The term lex mercatoria is derived from the Latin to mean “merchants’ law”.[1] From a historical perspective, the lex mercatoria was established in order to regulate the business dealings of merchants in particular places, such as markets, fairs, and sea ports.[2] The distinguishing factors of the lex mercatoria from standard local and international laws are fundamental. Firstly, the rules were and remain transnational, meaning that they are not limited by the boundaries sketched out by geographical maps and legal jurisdictions.[3] However, like the codification of the common law in England which continued to pick up pace after the Norman Conquest and the Battle of Hastings and was derived by a collection of the local laws,[4] the lex mercatoria was derived by considering the established rules through which merchants operated.[5] A further difference from the national and local laws is the fact that these rules were derived out of equitable fairness as opposed to principle.[6] The advantage of such a process in business transactions being the comparative rapid speed with which these laws were administered.[7]

It is argued that the need for the lex mercatoria has grown with globalisation as countries are no longer as discrete as they once were.[8] It is now very common for business transactions to involve parties from different countries, and when there are parties from different countries the disputes that can often arise can lead to an internal dispute as to which of the respective countries’ laws should apply. The use of the lex mercatoria can be a good way of circumventing the possibility of such disputes and can also remove concerns of not knowing and understanding the intricacies of the laws of the other jurisdictions. The other advantage of the lex mercatoria is that it can work well to remove undesirable elements of different national laws which some transactions many find unattractive – therefore the use of the lex mercatoria can make a business transaction more attractive.[9] Equally, the business will find arbitration using the lex mercatoria more attractive as it is generally cheaper than standard litigation.

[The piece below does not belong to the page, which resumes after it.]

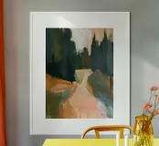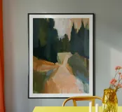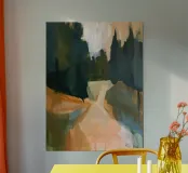 Paesaggio astratto dipinto con verdi profondi e calde tonalità della terra, che suggerisce un tranquillo sentiero nella foresta immerso in una luce soffusa.
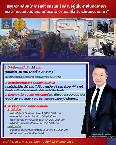 กรมคุ้มครองสิทธิฯ ร่วมกับ สนง.ยุติธรรมโคราช เร่งให้การช่วยเหลือเหยื่อเครนถล่มทับรถไฟ จ.นครราชสีมา อนุมัติจ่าย 29 ราย รวมเป็นเงิน 5.8 ล้านบาท

But is the lex mercatoria enforceable in a national court? The New York Convention on Arbitration allows national courts to review decisions to turn to arbitration and there is a discretion to not allow them to be enforced. This adds a level of uncertainty as parties may fear that their arbitration decision may be reviewed and this can make the use of the lex mercatoria somewhat less attractive.

However, there is a final advantage to mention. As mentioned, the use of equity and fairness as opposed to precedent in relation the lex mercatoria means that the arbitrators are not confined to the contours of precedent which can hinder needed business development within the law. However, given the above concern in relation to the New York Convention, one can be forgiven for questing just how flexible arbitration really is.

In sum, the flexibility and ease of the lex mercatoria is attractive to businesses, but enforcement in national courts needs strengthening.

[1] Mads Henry Andenæs and Camilla Baasch Andersen, Theory and Practice of Harmonisation, (Edward Elgar Publishing, 2012), 394.
[2] Harold Berman and Colin Kaufman, ‘The Law of International Commercial Transactions (Lex mercatoria)’ (1978) 19(1) Harvard International Law Journal 221, 225.
[3] Ibid.
[4] Richard Schaffer, et al. International Business Law and Its Environment, (Cengage Learning, 2009), 76.
[5] Berman, H. and Colin, K. fn.2, 225.
[6] Ibid.
[7] Ibid.
[8] Fn.1, 393.
[9] Ole Lando, ‘The Lex mercatoria in International Commercial Arbitration’ (1985) 34(4) I.C.L.Q. 747, 748.